J.P. Morgan said its digital token now handles $1 billion in daily transactions.
“JPM Coin gets transacted on a daily basis mostly in U.S. dollars, but we again intend to continue to expand that,” Global Head of Payments Takis Georgakopoulos told Bloomberg in an interview Thursday (Oct. 26).
JPM Coin lets the banking giant’s wholesale clients make dollar and euro payments over a private blockchain network.

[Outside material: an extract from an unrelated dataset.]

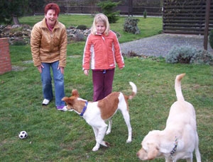 Hund, der freundlich zu allen ist.

The $1 billion figure is dwarfed by the $10 trillion in U.S. dollar transactions moving in and out of J.P. Morgan each day, per the report.
The bank also runs a blockchain-based repo application and is mulling a digital deposit token to speed cross-border settlements, the report said.
On the latter, Georgakopoulos said in the report the “next step in that journey is to think about how you can create a more retail version of that, so that you can bring that same efficiency to consumers.”
J.P. Morgan became the first major U.S. bank to introduce its own digital token for real-world use in 2019, saying the blockchain-based cryptocurrency was created to allow for “the instantaneous transfer of payments between institutional accounts.”
Earlier this year, J.P. Morgan said it was committed to tokenizing traditional finance after processing — as of April — close to $700 billion in short-term loan transactions through Onyx, a permissioned version of the Ethereum blockchain.
“We think that tokenization is a killer app for traditional finance,” Onyx program head Tyrone Lobban said at the time. “If you think about private markets — private credit, private equity and private real estate — they are pretty much double the size of public markets, but many orders of magnitude less liquid, so there’s this huge disparity.”
Meanwhile, blockchain is continuing to be embraced by mainstream and traditional financial players.
“The true intrinsic value of blockchain, which is around programmability of transactions, immutability of transactions, and the ability to do delivery versus payment and always-on types of payments, has yet to be unlocked,” Mastercard Chief Digital Officer Jorn Lambert said in an interview with PYMNTS posted in July.
“There’s a huge global trend going on right now into exploring the intricacies, complexities, difficulties and benefits of leveraging the properties of [distributed ledger technology (DLT)] for the financial system,” Daniel Field, global head of blockchain at UST, told PYMNTS the same month.